QUO VADIS, AIDA? begins and ends with a close up of Aida, many years apart, her face and hair showing the toll of her journey through the years of the Serbia Bosnia war. These portraits bookend a journey of genocide and frightful frustration, of fierce determination coupled with utter futility.

Aida is a school teacher employed by the UN as an interpreter in east Bosnian town of Srebrenica at the end of the Bosnian war, July 11, 1995.

Negotiations regarding protections are being lost in translation.

Despite Srebrenica being declared a UN safe zone for civilians and citizens, when Bosnian Serb forces overrun the town in July 1995, the outgunned UN troops who requested help from the UN in New York are told those authorized to grant the request are on vacation. For them it is utter frustration. For the population it means absolute annihilation.

Boasting magnificent moustaches but no military might, the UN commanders on the ground are impotent as peace keepers, illustrative of how the UN as a supranational body has obviously passed the point of diminishing returns. The compound harbouring citizens declared enemies of the state by the brutal and bullying Serbs becomes a sales yard for these citizens, lambs awaiting slaughter by the abattoir regime with their policy of ethnic cleansing.

Desperate to secure her husband and two sons safety, Aida implores her employers to grant them documentation, a request denied. One is instantly reminded of translators hung out to dry after Australia’s withdrawal from Afghanistan.

Written and directed by Sarajevo born Jasmila Zbanic, QUO VADIS, AIDA? is a powerful and harrowing film, anchored by an astonishing central performance by Jasna Djuricic as Aida. Aspects of the film may remind audiences of Sophie’s Choice.

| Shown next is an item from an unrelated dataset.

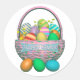 Round stickers with my design of painted Easter eggs in a pretty basket that says "Happy Easter".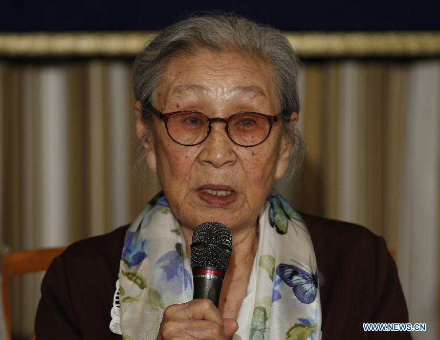 Kim Bok-tong, a former "comfort woman", speaks during a press conference in Tokyo, Japan, April 24, 2015. (Xinhua/Stringer)

QUO VADIS, AIDA? – the title is a question. Where to? Though the film is about desperation and despair, it is also hopeful. The systematic execution of over 8,000 residents is a huge trauma for all Bosnians. More than 25 years later, 1700 people are still missing. Closure is necessary for proper healing but openness is just as important. Aida profession as a teacher offers some hope that future generations will be educated in more civil ways to deal with conflict and that the porous borders of partition will be destined for the dustbin of history.